Let $g: \mathbb{R}\rightarrow \mathbb{R}$. Let $\mathcal{X}\equiv \{(x,y)\in \mathbb{R}^2: x=y\}$. Take the function $$ (x,x)\in \mathcal{X} \mapsto f(g(x), x)\in \mathbb{R}^+_0, $$ where $\mathbb{R}^+_0$ is the set of positive reals including zero.
Assume that:
(1) $f(g(3),3)=0$. This means that $f(g(x),x)$ achieves its minimum when $x=3$.
(2) $3\underbrace{=}_{\text{unique solution!}} \text{argmin}_x f(g(3), x)$.
Question: does this imply that $$ 3\underbrace{=}_{\text{unique solution!}} \text{argmin}_x f(g(x), x) $$ ? If not, under which conditions we can claim so (like continuity, etc.)?

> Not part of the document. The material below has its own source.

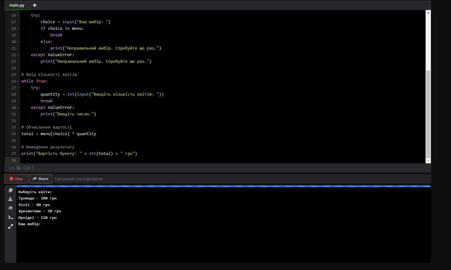 Програма створює меню з різновидами квітів та їх цінами, виводить його на екран, дозволяє користувачеві обрати квіти та ввести кількість, а потім рахує та виводить вартість букету.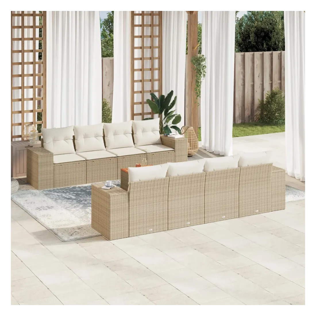 Cet ensemble de canapés de jardin est le complément parfait de votre arrière-cour, terrasse ou patio, offrant un espace confortable et accueillant pour discuter avec la famille et les amis ou simplement se détendre et profiter de l'extérieur. Matériau durable : la résine tressée, également connue sous le nom de poly rotin, est un matériau synthétique solide et nécessitant peu d'entretien qui ressemble au rotin naturel. Il est léger, facile à nettoyer et couramment utilisé pour les meubles d'extérieur en raison de sa durabilité et de ses propriétés de résistance aux intempéries.Dessus stable et facile à nettoyer : cette table de jardin a un dessus en bois d'acacia robuste, durable et facile à nettoyer avec un chiffon humide. Expérience d'assise confortable : ce mobilier d'extérieur, doté de coussins épais, offre une expérience d'assise confortable. Housse amovible et lavable : ces coussins de siège sont dotés de housses amovibles pour un lavage et un entretien faciles.Conception modulaire : cet ensemble de meubles d'extérieur a une conception modulaire, ce qui le rend complètement flexible et facile à déplacer, afin que vous puissiez créer un agencement de meubles d'extérieur personnalisé. Bon à savoir :Pour que vos meubles d'extérieur restent beaux, nous vous recommandons de les protéger avec une housse imperméable.

If we set $f(a,b)=|b-3|-a$ and $g(a)=a$, then certainly $3$ is the unique minimizer of $\min_{b\in\mathbb{R}}\;f(g(3),b)$. However, when we consider minimizing the general function $f(g(a),a)$, we can see graphically that while $3$ is indeed a minimizer, it is no longer unique.
I am not aware of an equivalent condition, but a sufficient condition would be that $f(g(\cdot),\cdot)$ is strongly convex (uniformly convex, strictly convex, or convex+supercoercive would also be fine here, since they also guarantee uniqueness).